Now we can use the two-dimensional embedding to visualise different data:

plt.scatter(
    embedding[:, 0],
    embedding[:, 1],
    c=penguins["culmen_length_mm"])
plt.title("culmen_length_mm")
plt.colorbar()
plt.show()
plt.scatter(
    embedding[:, 0],
    embedding[:, 1],
    c=penguins["culmen_depth_mm"])
plt.title("culmen_depth_mm")
plt.colorbar()
plt.show()
plt.scatter(
    embedding[:, 0],
    embedding[:, 1],
    c=penguins["flipper_length_mm"])
plt.title("flipper_length_mm")
plt.colorbar()
plt.show()
plt.scatter(
    embedding[:, 0],
    embedding[:, 1],
    c=penguins["body_mass_g"])
plt.title("body_mass_g")
plt.colorbar()
plt.show()

n_neighbors#

for n in (2, 5, 15, 100, 1000):
    reducer = umap.UMAP(n_neighbors=n)
    embedding = reducer.fit_transform(scaled_penguin_data)
    plt.scatter(
        embedding[:, 0],
        embedding[:, 1],
        c=[sns.color_palette()[x] for x in penguins.species_short.map({"Adelie":0, "Chinstrap":1, "Gentoo":2})]
        )
    plt.title('n_neighbors = {}'.format(n))
    plt.show()

n_neighbors does focus on fine grained structure, when kept small.
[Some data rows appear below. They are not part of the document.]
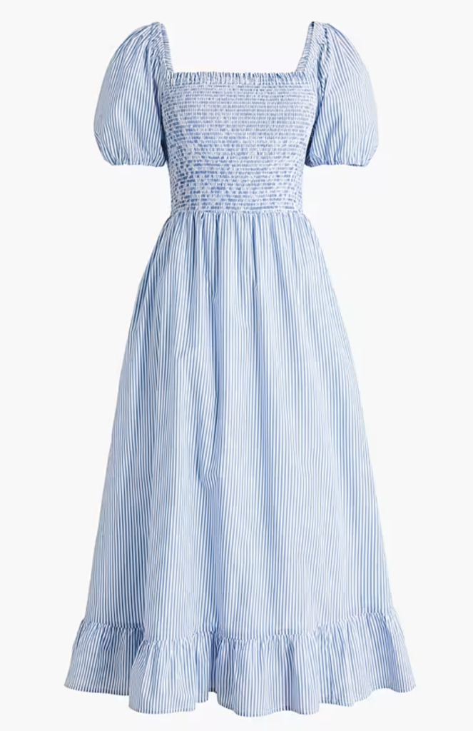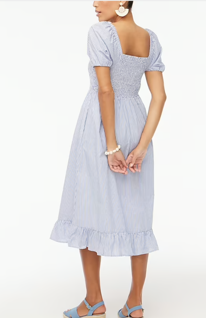 Striped puff-sleeve midi dress, $75, J.Crew Factory
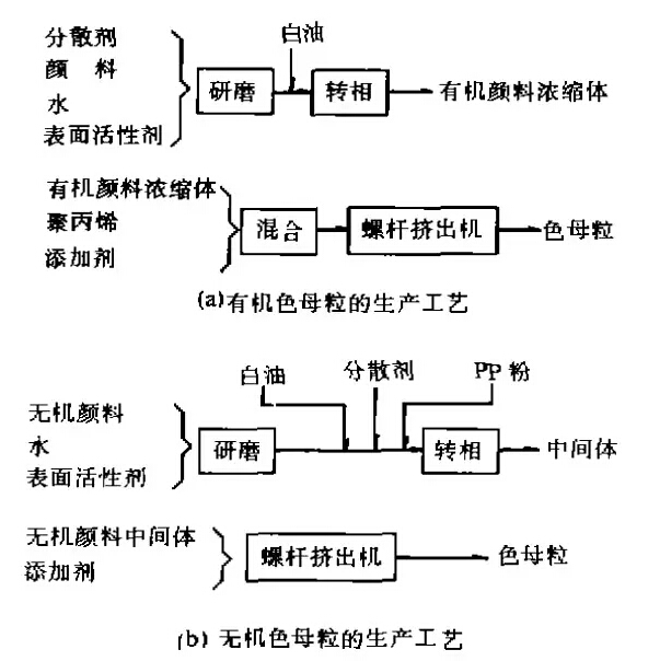 本方法的缺點是生產(chǎn)設(shè)備固定投資少,操作要求高;顯著的優(yōu)點是具有對顏料粒度的控制能力,能夠選擇顏料干粉并使之經(jīng)過處理后獲得優(yōu)越的著色力、不透明性及其它光學(xué)特性,同時能適用于對顏料粒度要求很高的細(xì)旦丙綸的生產(chǎn),也就是說能生產(chǎn)出高品質(zhì)的色母粒。
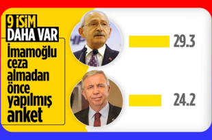 Areda Survey’in İBB Başkanı Ekrem İmamoğlu hakkında verilen siyasi yasak kararından önce yaptığı son ankette İmamoğlu sorulan 11 isim arasında kendine yüzde 4,1 ile 6’ncı sırada yer buldu. Ankara’da siyaset gündemi son dönemin en hareketli günlerinden birini geçiriyor. Cumhur İttifakı’nın kesinleşmiş adayı Cumhurbaşkanı Recep Tayyip Erdoğan’ın karşısına Millet İttifakı’ndan kim …
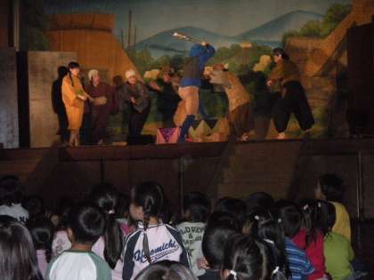 低学年は,よく知っている『泣いた赤おに』を観劇しました。笑いあり、涙ありの演技で子どもたちはくぎづけで引き込まれていきました。

Then we might miss the bigger picture. When small,it might also generate “sausages”, which can be a reason to want to modify the parameters. The higher one goes, the more cramped the clusters become. One should not define more neighbors than there are data points ;-)

min_dist#

for d in (0.0, 0.1, 0.5, 0.9):
    reducer = umap.UMAP(min_dist=d)
    embedding = reducer.fit_transform(scaled_penguin_data)
    plt.scatter(
        embedding[:, 0],
        embedding[:, 1],
        c=[sns.color_palette()[x] for x in penguins.species_short.map({"Adelie":0, "Chinstrap":1, "Gentoo":2})]
        )
    plt.title('min_dist = {}'.format(d))
    plt.show()

min_dist defines how close we allow points to lie on top of each other. The higher the value, the more loose our clusters will be.

metric#

for m in ("euclidean","cosine","correlation"):
    reducer = umap.UMAP(metric=m)
    embedding = reducer.fit_transform(scaled_penguin_data)
    plt.scatter(
        embedding[:, 0],
        embedding[:, 1],
        c=[sns.color_palette()[x] for x in penguins.species_short.map({"Adelie":0, "Chinstrap":1, "Gentoo":2})]
        )
    plt.title('metric = {}'.format(m))
    plt.show()

There are many more possibilities to define distances. Eucledian is the default, but one might look for an alternative dependent on the data. For example sparse data, i.e. data with many 0s are frequently addressed with cosine distance. Such data are for example RNA-Seq data.

Randomness#

Dont forget, there is a random component as well!
Now we are introducing different seeds, which will change the random component of UMAP

for r in (41,41,42,43):
    np.random.seed(r)
    reducer = umap.UMAP()
    embedding = reducer.fit_transform(scaled_penguin_data)
    plt.scatter(
        embedding[:, 0],
        embedding[:, 1],
        c=[sns.color_palette()[x] for x in penguins.species_short.map({"Adelie":0, "Chinstrap":1, "Gentoo":2})])
    plt.show()

spread#

for s in (0.5,1,2):
    reducer = umap.UMAP(spread=s)
    embedding = reducer.fit_transform(scaled_penguin_data)
    plt.scatter(
        embedding[:, 0],
        embedding[:, 1],
        c=[sns.color_palette()[x] for x in penguins.species_short.map({"Adelie":0, "Chinstrap":1, "Gentoo":2})]
        )
    plt.title('spread = {}'.format(s))
    plt.show()

Spread is a parameter that allows increased spread in the two dimensional space. Here it does not make a big difference.